Infrastructure development boom in the run-up to World Expo 2020

Infrastructure development boom in the run-up to World Expo 2020Image Credit: Supplied

Infrastructure development is on top of the Middle East's agenda, and with Dubai hosting World Expo 2020 and Qatar getting ready for the 2022 Fifa World Cup, real estate investment is on the rise post the financial crisis.

In terms of global importance, Fifa World Cup and World Expo rank quite high, which bodes well for the construction industry, which is engaged in building the necessary infrastructure. The events are anticipated to attract substantial real estate investment to the region as investors gain confidence in the region's property market once again.

Developers and investors should be aware of the legal structure and laws applicable to the particular region within which they are operating. The laws of the UAE are based on civil law systems, codified in the UAE Civil Code. Dubai is subject to both federal laws and those specific to the emirate.

Developers and investors should also be aware of land ownership restrictions applicable to the region. Dubai's laws restrict foreign individuals and companies from owning land in certain areas.

Those wishing to operate in the region may need to consider their company structure in order to comply with the GCC's ownership requirements and/or explore ownership structures, which comply with foreign ownership restrictions applicable in the region. One method to ensure compliance is by way of a long-term lease or through a mudaraba arrangement, which involves the foreign entity partnering with a local company.

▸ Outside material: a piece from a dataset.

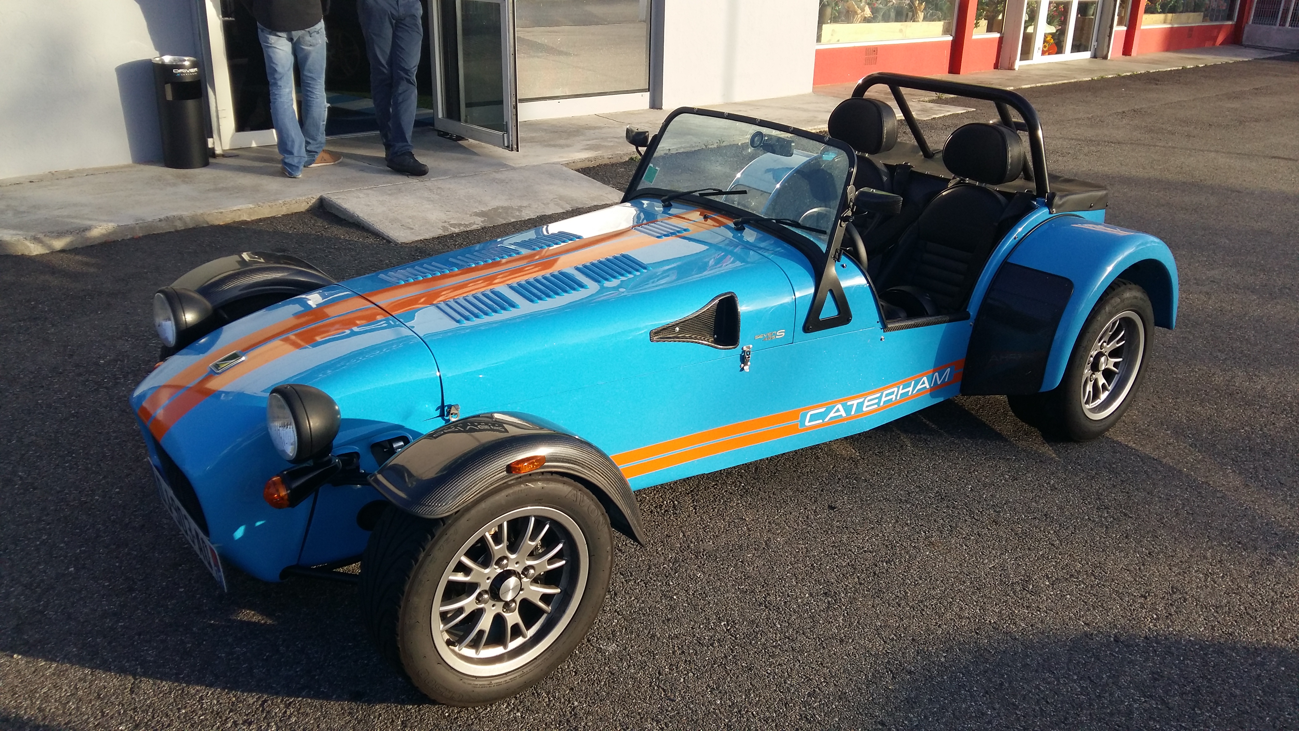 ToxyMaTT Posté(e) le 16 Septembre 2017 Auteur Signaler Posté(e) le 16 Septembre 2017 (modifié) Pour ceux qui n'ont pas mon facebook, voilà l'engin dans lequel j'ai fais un baptême passager avant hier ! Caterham 485S, moins de 500kg, moteur Ford duratec 2L 240ch préparé par Cosworth. J'étais déjà très très fan avant de glisser mes fesses dedans, autant vous dire que la je suis carrément fou amoureux. Je suis ressorti avec une banane jusqu'aux oreilles C'est la version la plus puissante homologuée en France. Tout est décuplé comparé à la mx5, assis plus bas, coincé entre l'échappement et la boîte, autant dire qu'il fait chaud ! On avait les casques, et je peux vous garantir que même avec le pare brise c'est utile ! Tu prends quasi autant d'air dans la gueule qu'en moto ! Ça accélère de fou, heureusement que ça monte pas beaucoup au dessus de 200 car on est tellement vite à des vitesses illégales..., les petarades du pot c'est juste jouissif (me demande comment ils ont homologué ça d'ailleurs), et y'a même un petit coffre (une boîte à gant plutôt) pour les courses C'est clairement pas une remplaçante de la mx5 pour le moment, car j'envisagerais pas un weekend à 2 avec ... Mais plus tard quand j'aurais des gamins et donc que la mx5 ne me servira plus qu'à moi pour décompresser ... Pourquoi pas ! Modifié le 16 Septembre 2017 par ToxyMaTT

In addition, developers and investors should be aware that foreign nationals can acquire lesser real estate rights in the form of musataha rights, that is, the right to occupy and build on land for periods of up to 50 years, and usufruct rights, which give the right to use and occupy land belonging to another person for a period of up to 99 years.

In order to support the estimated 25 million visitors expected to visit Dubai in 2020 (a figure that is up by 15 million in 2012), Dubai is expected to invest more than $8.1 billion (about Dh29.7 billion) in new infrastructure to host the expo. According to Deutsche Bank, it is estimated that investments as much as $43 billion will be required for infrastructure projects in preparation for the event.

As part of the Expo bid, Dubai focused on its ability to attract visitors due to its strategic location, developed infrastructure and capacity for expansion. According to the bid, two-third of the world's population lives eight hours away by flight from the city, and Emirates Airline has an extensive expansion plan to make the region accessible to the world.

Additionally, the expo site's strategic location in Jebel Ali, between Dubai and Abu Dhabi and adjacent to Dubai World Central and Jebel Ali Port means that Dubai will be well placed to provide ease of access for the millions of international and local visitors who are expected to attend the event.

Infrastructure development projects include airport expansion, the construction of Terminal 3 at Jebel Ali Port and the expansion of Dubai Metro's Red Line from the existing terminus to Dubai World Central, which is close to the proposed expo site. Investment in infrastructure development is essential and is expected to pave the way for development in other areas.

Asset markets in Dubai are recovering rapidly and it is clear that infrastructure projects, which were abandoned or delayed in the wake of the financial crisis, are now resuming with greater foresight and regulation. This, undoubtedly, is promoting market confidence and thereby attracting great amounts of real estate investment in the region.

What does this mean for real estate investors in the region? It is clear that the commitment to infrastructure investment will create immense opportunities for real estate developers and investors in Dubai and the wider region. Bank of America Merrill Lynch has estimated that hosting the Expo 2020 could boost Dubai's GDP by 24.4 per cent to $23 billion from 2015-21 and a Dubai Chamber study indicates that business confidence is at an all-time high as a result of Dubai's successful bid.

It is anticipated that growth will be felt across the region with big opportunities for investors particularly in the tourism, hospitality, transportation, logistics and retail sectors.

Previous trends suggest that opportunities for real estate investors are significant with the boom in infrastructure development in the Middle East. In fact, improvements in Dubai's transport network have had a dramatic effect on pricing, according to Dubai Road and Transport Authority.

For example, properties situated in prime areas in the vicinity of the metro lines and around developed business and marina areas have seen a strong price appreciation. But areas further inland, where infrastructure is less developed, are still offering great value. This is a sure sign that developing infrastructure and improvements to living standards provide lucrative opportunities for real estate investors.

And it's not just Dubai that is benefiting. Vast construction efforts as a result of hosting two of the world's biggest events is predicted to have a domino effect, which will be felt across the GCC, creating opportunities for construction businesses.

In the UAE, the estimated total value of infrastructure projects planned or in progress is $549 billion. Saudi Arabia is planning the expansion of King Abdul Aziz International Airport and the development of a high-speed railway line connecting Mecca and Medina, while Kuwait is developing the Kuwait City Metro, Kuwait International Airport and motorways.